THE TASK:
I'd like the records transcribed exactly, leaving the images out.

DATA:
--- START ---

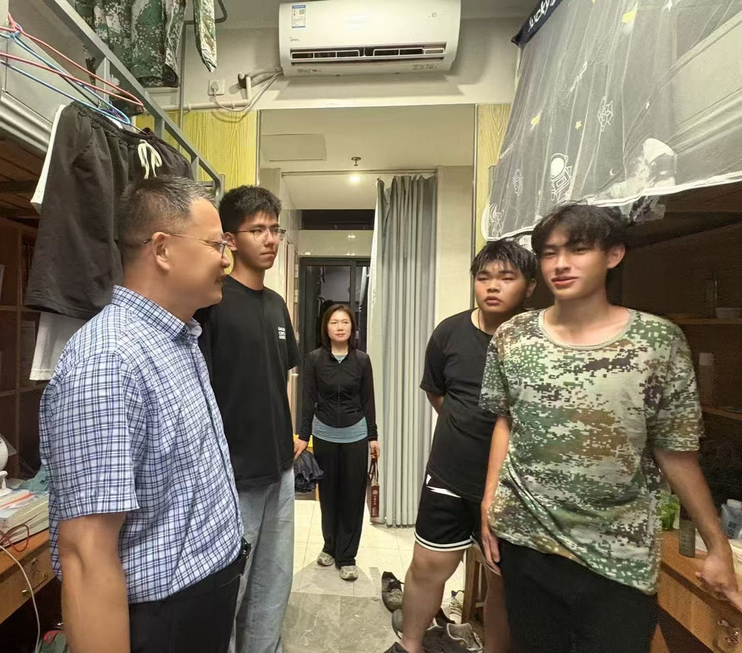 为深入了解2025级新生入学适应情况,传递公司人文关怀,9月16日晚,公司党总支书记何登溢、副书记姚爱华带领公司专职辅导员共同走访新生宿舍。
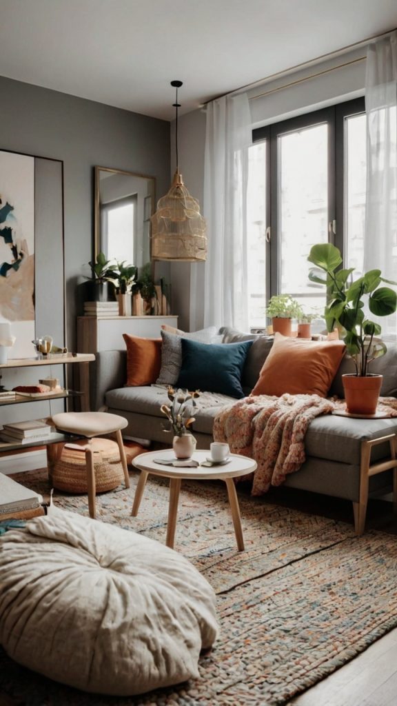 Start with a neutral color palette – whites, grays, and natural wood tones. Add warmth with textiles like chunky knit throws and sheepskin rugs. My apartment went from “sad beige” to “sophisticated Scandi” just by adding the right textures.
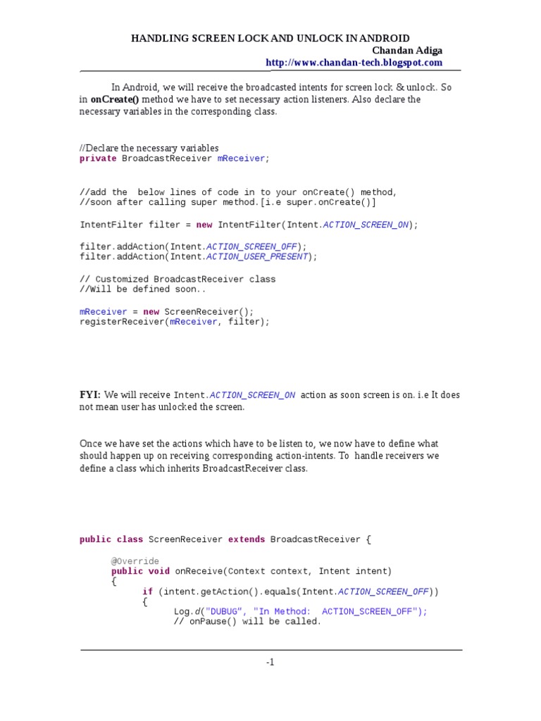 HANDLING SCREEN LOCK AND UNLOCK IN ANDROID
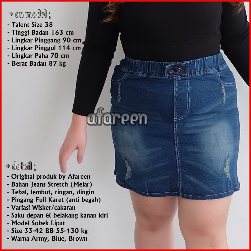 Afareen - Rok Mini Jeans Wanita Jumbo Rok Pendek Jeans Melar Pinggang Karet Skrit Korean Size 33-42
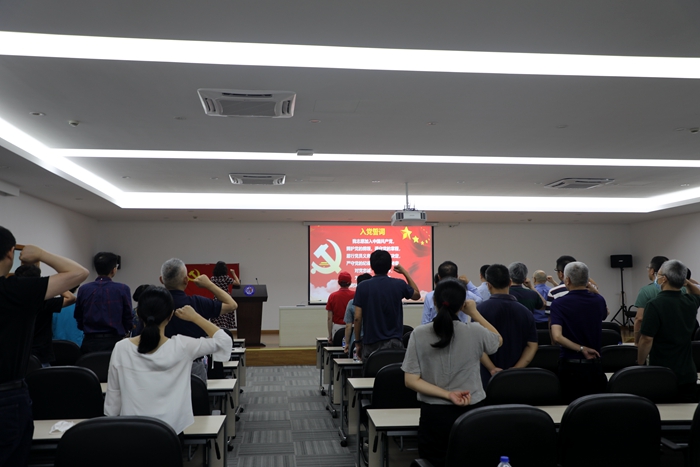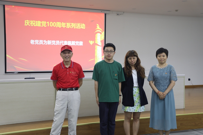 随后,由老党员代表陈纪岳同志、党委组织委员王洋为为新近加入中国共产党的新党员代表——学科科研办秘书朱东朔和2020级硕士研究生曹浩佩戴党徽。在史雪茹副书记的带领下,全体党员起立,面对鲜红的党旗,共同重温入党誓词:“我志愿加入中国共产党,拥护党的纲领,遵守党的章程,履行党员义务,执行党的决定,严守党的纪律,保守党的秘密,对党忠诚,积极工作,为共产主义奋斗终身,随时准备为党和人民牺牲一切,永不叛党。”
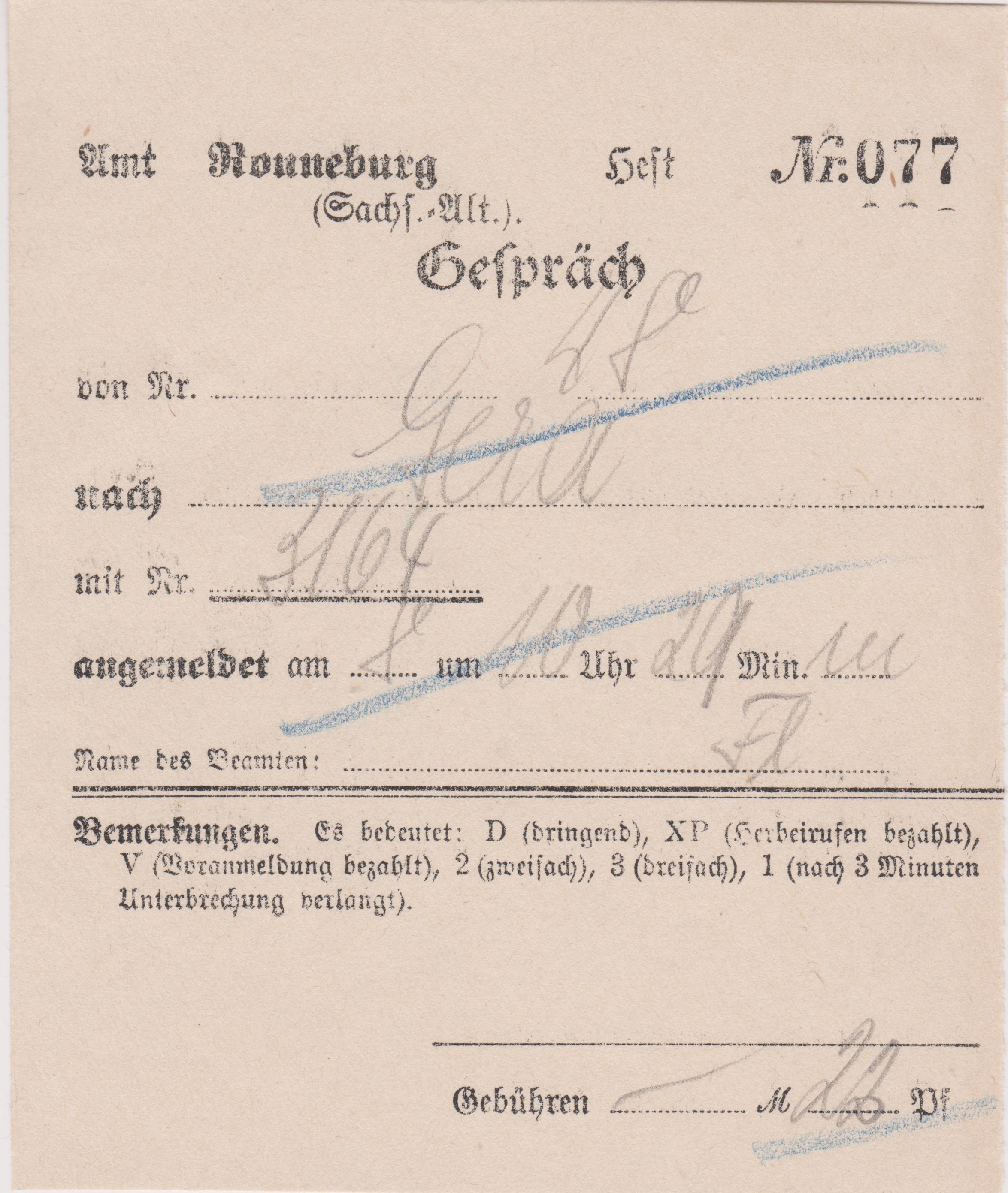 Solche Formulare "Mitteilung über Telefonanschluß" beförderte die Post gebührenfrei!

--- END ---

ANSWER SPACE:
 为深入了解2025级新生入学适应情况,传递公司人文关怀,9月16日晚,公司党总支书记何登溢、副书记姚爱华带领公司专职辅导员共同走访新生宿舍。
 Start with a neutral color palette – whites, grays, and natural wood tones. Add warmth with textiles like chunky knit throws and sheepskin rugs. My apartment went from “sad beige” to “sophisticated Scandi” just by adding the right textures.
 HANDLING SCREEN LOCK AND UNLOCK IN ANDROID
 Afareen - Rok Mini Jeans Wanita Jumbo Rok Pendek Jeans Melar Pinggang Karet Skrit Korean Size 33-42
 随后,由老党员代表陈纪岳同志、党委组织委员王洋为为新近加入中国共产党的新党员代表——学科科研办秘书朱东朔和2020级硕士研究生曹浩佩戴党徽。在史雪茹副书记的带领下,全体党员起立,面对鲜红的党旗,共同重温入党誓词:“我志愿加入中国共产党,拥护党的纲领,遵守党的章程,履行党员义务,执行党的决定,严守党的纪律,保守党的秘密,对党忠诚,积极工作,为共产主义奋斗终身,随时准备为党和人民牺牲一切,永不叛党。”
 Solche Formulare "Mitteilung über Telefonanschluß" beförderte die Post gebührenfrei!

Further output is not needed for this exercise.